When we returned to Cleveland Tower, the parking lot was empty. The last shuttle to Forbes had probably left.

“Don't worry, we didn't miss it.”

I wondered how much more of my mind he had guessed. Or read straight into. Or simply always known. It made being in his presence unsettling and at the same time effortless: for once, there was no point in filtering one's thoughts.

“What am I supposed to do now, Silen? I can't share Rhys with her. No way.”

“To share the one you love—the ultimate challenge to a human heart. But what if the girl you are sharing with is your own sister?”

“If anything, this only makes it harder. Elza is so much like me, but . . . better.”

“Better according to whom? Don't forget that Rhys has chosen
you
. Everything else is an illusion. Ethereal, like your dandelion whose airy head can so easily be scattered down to nothing.”

It was nothing to him. But he wasn't the one who had to live with the thought of Elza. Dread her. Envy her. See her face in every mirror.

“Do you love him?” Anxiety looked grotesque on that face, the last face where I would have expected to find it. “Because if you can break his heart to spare your own a complication, then you don't love him. And you probably never will.”

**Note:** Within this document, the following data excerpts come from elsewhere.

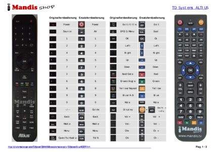 Home > Marken > Fernbedienungen TD Systems > Fernbedienung für TD SYSTEMS Altius (K42DLT1F)
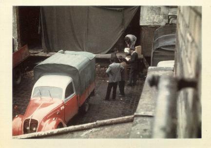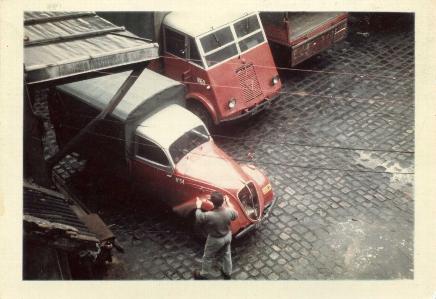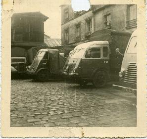 7- Roland collaborateur de longue date guide ici une 202 UH de 1949 à se glisser dans un espace réduit. A côté un Renault AHN. Ce type de camionnettes était utilisé pour la distribution de petits colis dans Paris et sa proche banlieue.
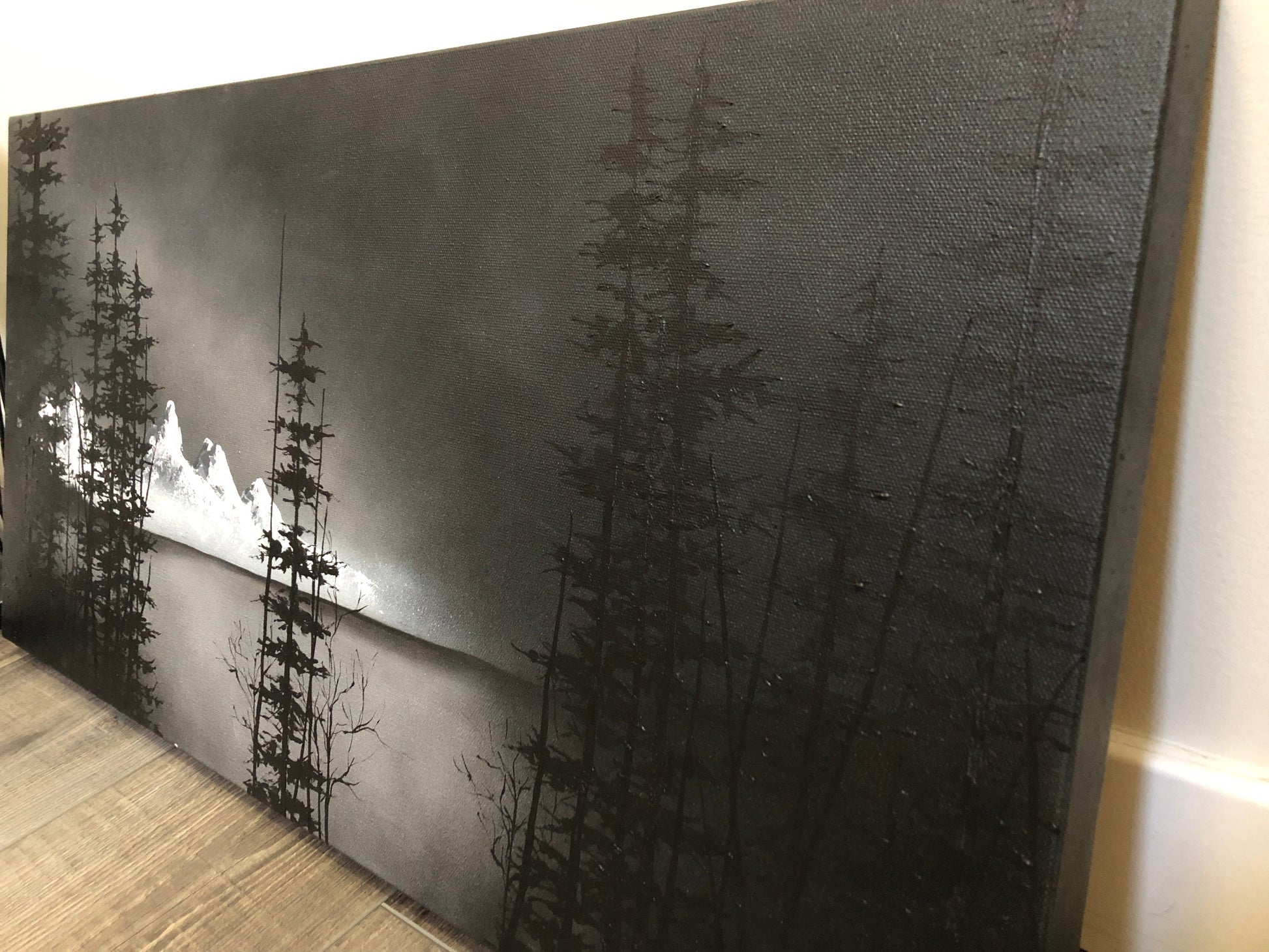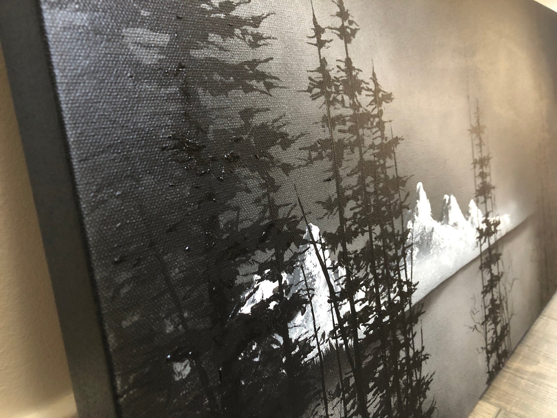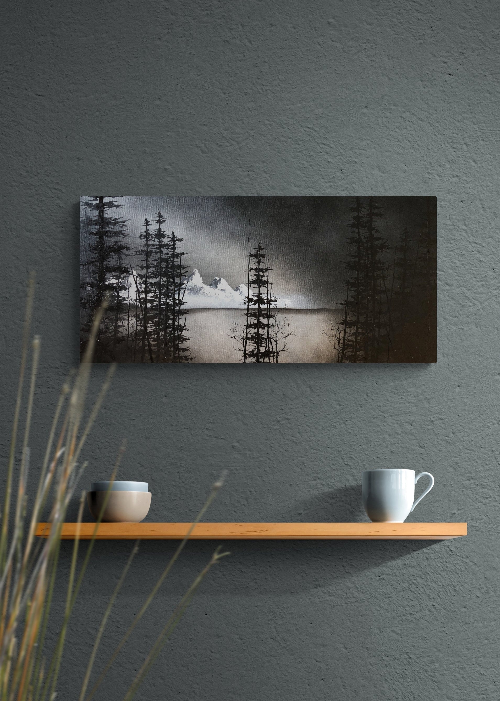 Experience the timeless beauty of nature with this stunning monochromatic black and white landscape painting on a premium gallery canvas, featuring a serene lake and snow-capped mountains against a backdrop of graceful silhouette trees.

I wanted to tell him that this time mind reading had failed him, but the shuttle's approaching roar distracted me for a second. When I turned back around, there was only darkness. Stretching far in all directions, giggling soundlessly at the girl who had just brought one more nightmare into it.

THE WISEST OF THE SATYRS
knew everything. To him, past and future were simply halves of an endless, uneventful, solitary present. But about one thing he was wrong: I would have never hurt Rhys to spare my own heart.